Yesterday I bit the bullet and purchased a Perdix with AI and transmitter. I bought the AI and transmitter not necessarily because I will use it or wanted it. I bought it because the hype of folks dumping theirs Petrels or Perdix and buying AI (not just on scubaboard but on most every board I could find) - on resale - I don't want to be one of those that is looking to sell without AI. Because the market for a great computer with AI seems to be bigger than the market for just a great computer...
Hopefully I won't have to find out - if I decide to sell.
If you're concerned about how much money you'll lose on resale, well, you'd probably lose less money by buying a used non-AI Perdix now. I mean, used Perdix seem to be going for around $650. If you kept it 2 or 3 years, you could still probably get at least $500 for it, if it's not beat all to hell. With a PAI and transmitter at $1175, you can be almost certain you'll lose more than $150 if you sell that setup in 2 or 3 years.
Just sayin'....
I mine not criticising you on your purchase. but I have to laugh. I took a ton of abuse because I chose the Eon Steel with it's high costs. Now I see that SW with their AI have a higher price point yet people see this is acceptable.
A really good example of how much extra a good brand can command in price
Eon Steel is not an option for almost anyone doing tech dives as the algorithm is simply not acceptable. So, paying more for a Perdix means paying more to get something useful versus not useful (for tech diving). Even if the purchaser is not going to use it for tech dives, the value is still there in the form of (likely) superior resale value later.
Anyone thinking of buying one of the two really should consider the possibility of eventually doing tech diving. An Eon Steel will only last you "forever" if you stick to recreational diving. A Perdix w/AI will last you forever, period. Having the flexibility to accommodate unknown future plans is worth something.
2 years ago, I had no intention whatsoever of pursuing tech diving. Now, I'm working towards my next certification, for TDI Trimix.

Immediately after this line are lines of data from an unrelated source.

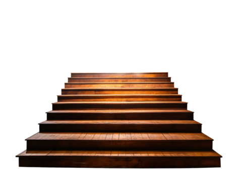 Ascending wooden stairs: A set of well-crafted wooden stairs rises, suggesting a path of growth and advancement, against a clean backdrop.
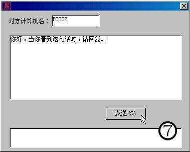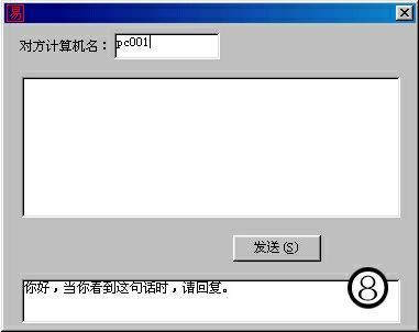 图7表示在PC001电脑上向PC002电脑发送前的样子。图8表示PC002接收到PC001发送来的信息的画面。
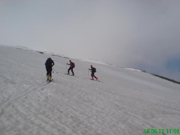Sehr gute Frühsommerverhältnisse. In Randinascia nur noch wenig Schnee,Gletscher dagegen sehr gut gedeckt. Abfahrt zur Zeit besser dem östlichen Hauptbach nach zum Lago del Zött.

250 dives and you still need four transmitters (your wife three) and an AI display in your face at the flick of a wrist to tell you what your pressure is? Is it that hard to perform simple subtraction arithmetic over depth & time starting with an initial pressure fill that you need AI? (Do you need a calculator app to figure out a simple cash purchase with change owed back??)
Your primary AI is in your head with an analog SPG manometer directly confirming what you already know. Obviously you never learned how to use either. . .
Apparently, all that simple math stuff is hard enough that even people who claim to know it and do it well can still mess it up and get bent. And I don't mean mess it up once. I mean, mess it up, then their buddy messes it up, too, so as to not prevent the team from making a mistake at the first deco stop. Then both people mess it up again at the next deco stop. And again and again, until both members of the team get out bent. Two people times however many deco stops is a lot of opportunities to catch those "simple arithmetic" errors and prevent either person from getting bent. And yet, despite how simple the arithmetic is, it can still happen and people still make those multitude of mistakes and get bent. It seems that narcosis is a b*tch!
It's a fact that people get mentally impaired by narcosis. It's a fact that narcosis is not completely predictable. It's a fact that people can get narced at 100' or even shallower - even if they've never been narced before. It seems to be pretty well accepted now that once onset of narcosis has occurred it does not just magically go away completely on ascent - there is a level of impairment that lingers. Anyone that chooses to dive relying on math done in the water - and especially after they've been at depth - when they have an option to use a simple, reliable computer to do the "simple arithmetic" for them (or at least to sanity check their mental math) is making a choice that I would deem sufficiently unsafe that I would choose not to dive with them.*
Would you dive with someone in big double steel tanks, a thick wetsuit, and no redundant buoyancy? "My buddy and I won't BOTH screw up the mental math" seems like a lot more suspect of a statement than "my wing won't have a total failure". If you have sufficient distrust of a wing to use redundant buoyancy, why would you not have at least as much distrust of doing mental arithmetic after being at narcosis-inducing depths?
Insulting people who choose to use their computer for a purpose that computers are good at - namely doing simple arithmetic for you - as a way to provide a safety backstop for their diving (as well as a data logging tool) seems, well, to be polite, extremely juvenile.
* No, I'm not saying I won't dive with anyone that doesn't have AI. I'm saying that I wouldn't be likely to dive with someone who's only way of knowing they have enough air is by doing mental math during the dive.